*Exercise description:*
A word-for-word copy of the listing, free of images, is the expected answer.

*Data excerpt:*

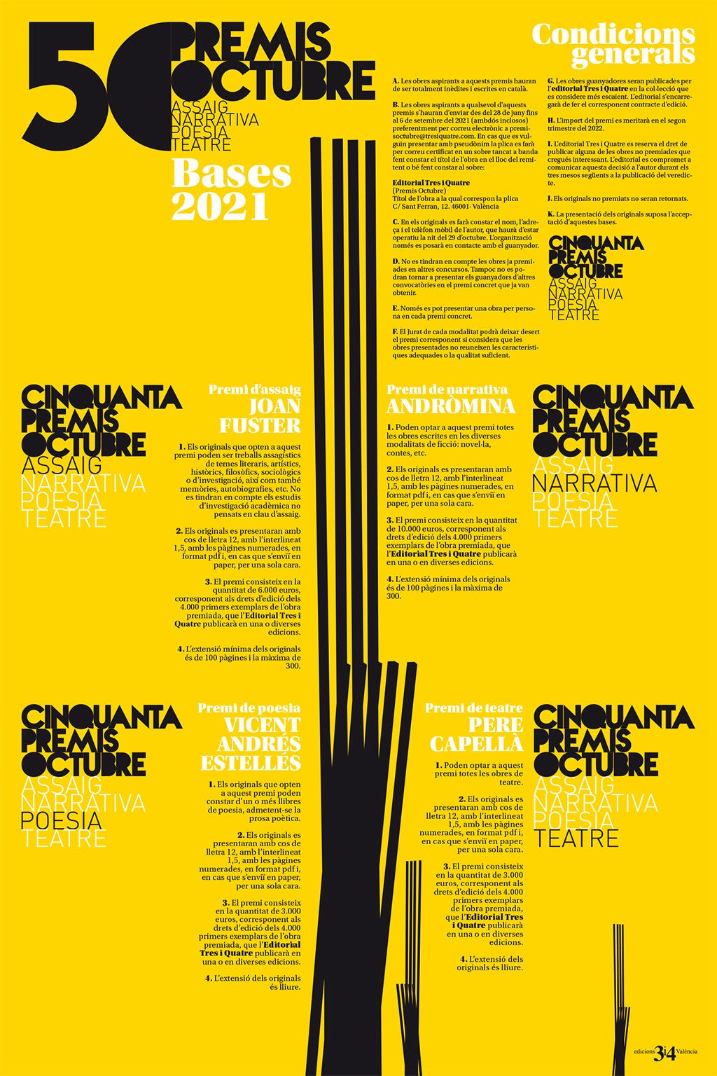Un total de 99 obres opten a guanyar el premi Andròmina de narrativa, 116 originals aspiren al premi Vicent Andrés Estellés de poesia, 27 al premi d’assaig Joan Fuster i 51 al premi Pere Capella de teatre. Les obres, com és característic en aquest certamen organitzat per l’Editorial 3i4, han estat presentades per autors dels Països Catalans.
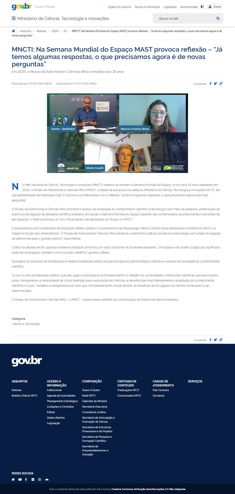 Portal do MCTI | MNCTI: Na Semana Mundial do Espaço MAST provoca reflexão – “Já temos algumas respostas, o que precisamos agora é de novas perguntas”
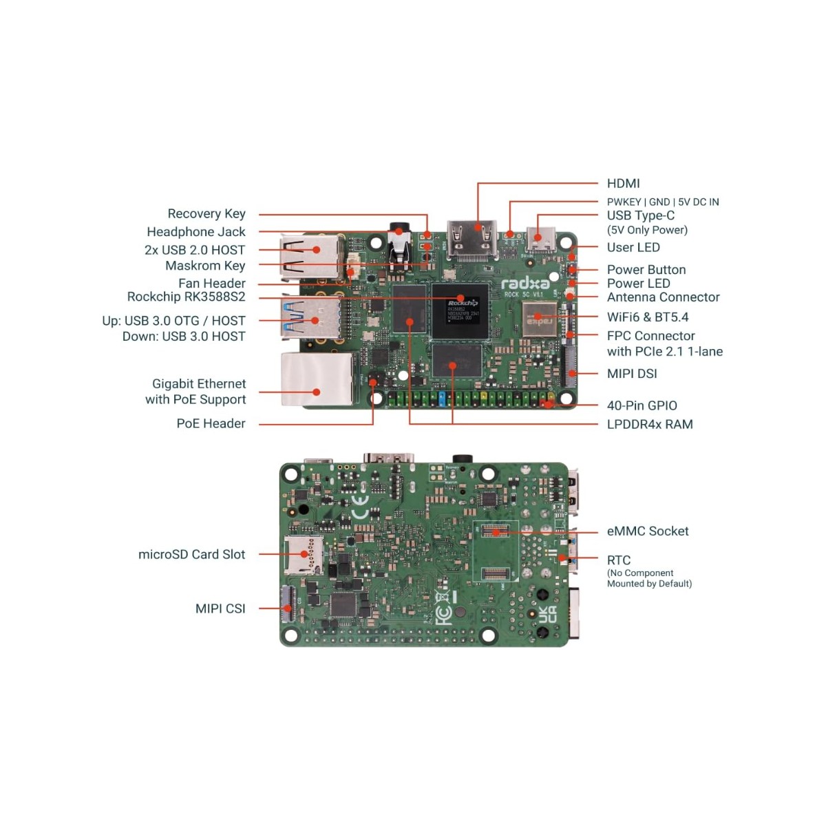 Radxa ROCK 5C – 16GB RAM – RK3588S2 – Wi-Fi 6 / Bluetooth 5.4 – Geliştirme Kartı
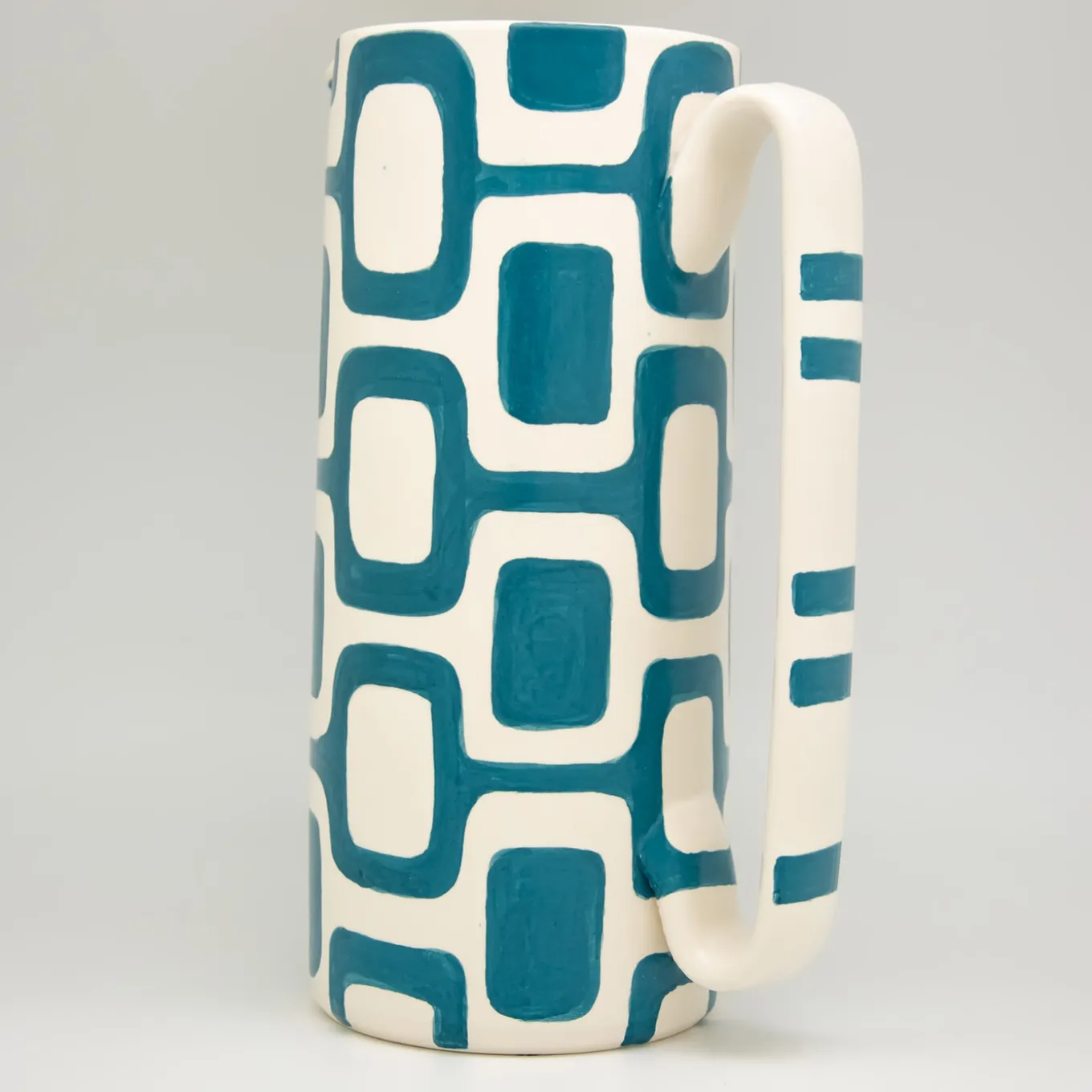 Ispirata ai marciapiedi delle spiagge di Rio de Janeiro, la collezione Serlio “pattern” evoca il legame emotivo dell’artista con il Brasile. Una caraffa in ceramica unica, interamente dipinta a mano, dove il motivo avvolge l’intero vaso, rifinito con uno smalto opaco che mette in risalto i dettagli artigianali. Portate un po’ di gioia tropicale su ogni tavola.

*Solution to this exercise:*
Un total de 99 obres opten a guanyar el premi Andròmina de narrativa, 116 originals aspiren al premi Vicent Andrés Estellés de poesia, 27 al premi d’assaig Joan Fuster i 51 al premi Pere Capella de teatre. Les obres, com és característic en aquest certamen organitzat per l’Editorial 3i4, han estat presentades per autors dels Països Catalans.
 Portal do MCTI | MNCTI: Na Semana Mundial do Espaço MAST provoca reflexão – “Já temos algumas respostas, o que precisamos agora é de novas perguntas”
 Radxa ROCK 5C – 16GB RAM – RK3588S2 – Wi-Fi 6 / Bluetooth 5.4 – Geliştirme Kartı
 Ispirata ai marciapiedi delle spiagge di Rio de Janeiro, la collezione Serlio “pattern” evoca il legame emotivo dell’artista con il Brasile. Una caraffa in ceramica unica, interamente dipinta a mano, dove il motivo avvolge l’intero vaso, rifinito con uno smalto opaco che mette in risalto i dettagli artigianali. Portate un po’ di gioia tropicale su ogni tavola.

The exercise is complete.